Les textes ou les déclarations d'officiels abondent, dans lesquels l'entité hostile, le danger grave ne sont pas nommés, ou pire encore, sont tout simplement oubliés - même en présence de menaces patentes et avérées. Or, nommer est crucial, car l'anonymat empêche de fait de poser un diagnostic.

(...)

Telle qu'elle s'exerce entre hommes, groupes ou nations, la violence n'est pas une fatalité météorologique, comme la grêle ou la tempête. La violence n'est rien d'abstrait, ni d'innocent. Elle n'est jamais le fait de fantômes ou d'ectoplasmes, mais d'individus de chair et de sang.
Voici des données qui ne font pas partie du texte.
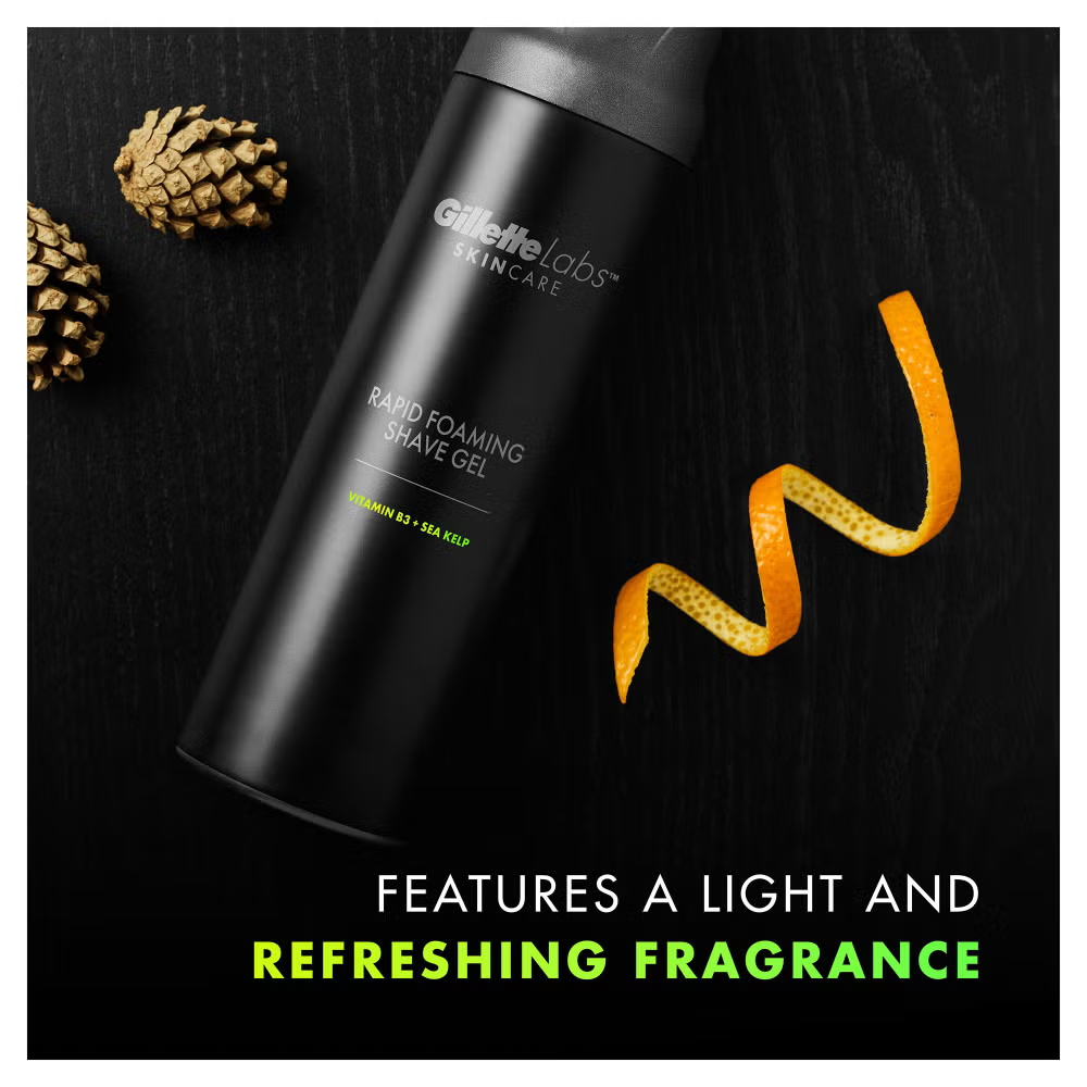 Designed to make shaving less of a chore and make your regular grooming regime enjoyable, quick and convenient, the Gillette Rapid Foaming Shave Gel by Gillette Labs, helps to cool and soothe the skin when it is applied. It will also help to protect the skin while shaving. Designed for use with Gillette Labs razors as well as other types of razor, this shaving gel for men is made without alcohol or dyes. To use it, all you need to do is simply apply it, shave and then rinse it off afterwards. To experience a quick, easy and refreshing shave, use this shaving gel with the Gillette Labs razor with Exfoliating Bar or to obtain the feeling of a hot towel shave, use it with the Gillette Labs Heated Razor.
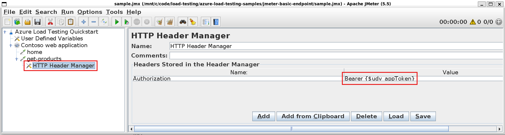 现在,可以使用 GetSecret 自定义函数检索 JMeter 脚本中的机密值,并将其传递给应用程序请求。 例如,使用 Authorization HTTP 标头将 OAuth 令牌传递给请求。
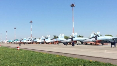 33 летных экипажа Липецкого авиацентра взлетели в эти минуты, чтобы отправиться в Москву и принять участие в Параде Победы над Красной площадью. Знаменитое "тактическое крыло" липчан, состоящее из 10 боевых истребителей - Су-34, Су-35С и Су30, - один за одним первыми поднялись в воздух.
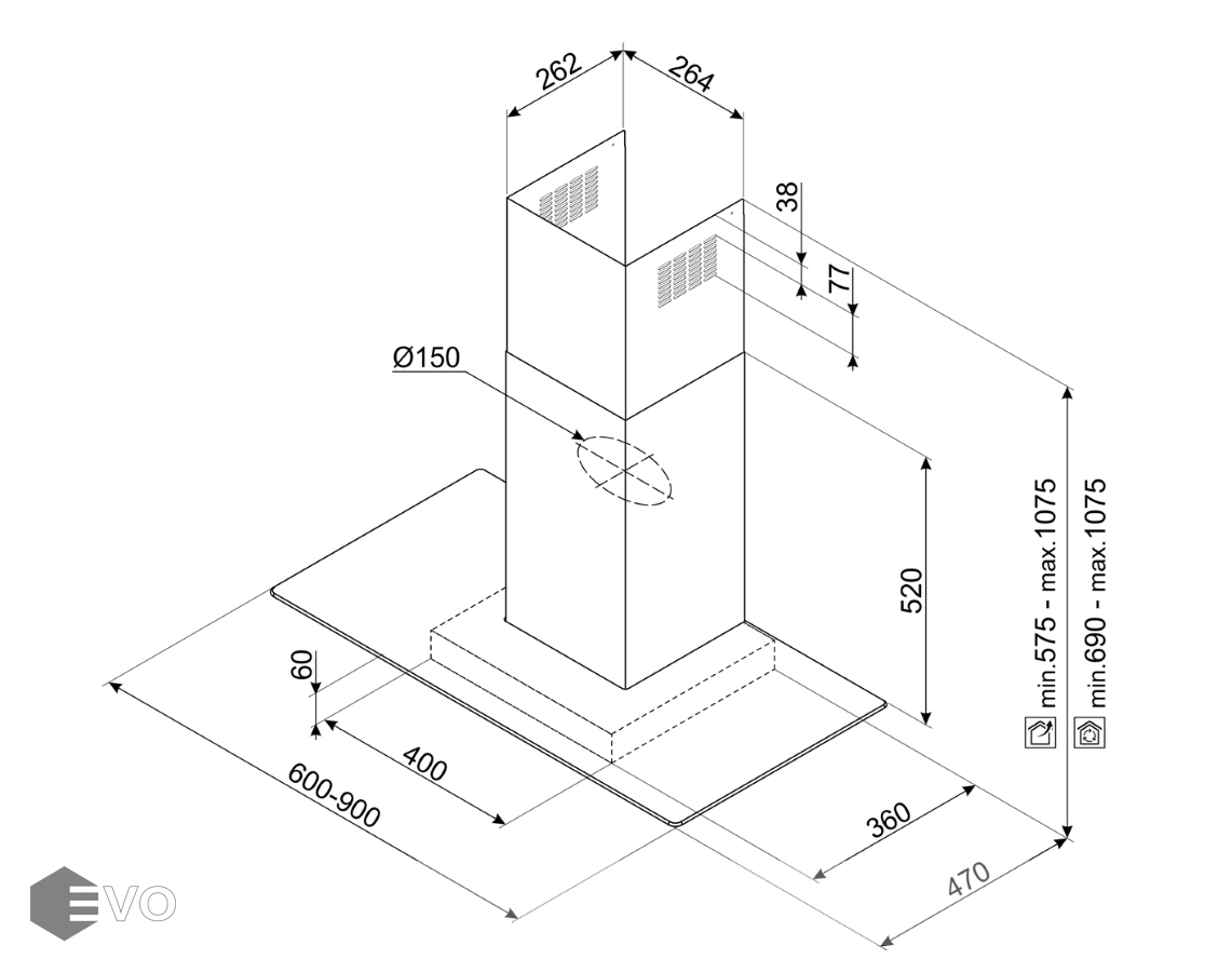 - Высота, мм: 575-1075

Quand il y a violence interhumaine, cela signifie qu'il y a des individus violents, adoptant un comportement brutal, cruel, homicide, exterminateur, voire génocidaire.

"La violence" est une formule de neutralisation médiatique, relevant de ce que la sociologie nomme "stratégie d'évitement". Quand un journal écrit : "la violence a encore frappé le collège X", ou "la violence règne dans la cité Y", c'est pour éviter de désigner les auteurs de la violence - au pire, elle dit "les jeunes" -, pour éluder tout fait concret. Quand les médias parlent de "violence", c'est pour ne pas dire crûment les choses. Dire "violence" évite de parler de ce qui fâche. C'est un échappatoire commode devant le réel, un repli volontaire au royaume des abstractions prudentes.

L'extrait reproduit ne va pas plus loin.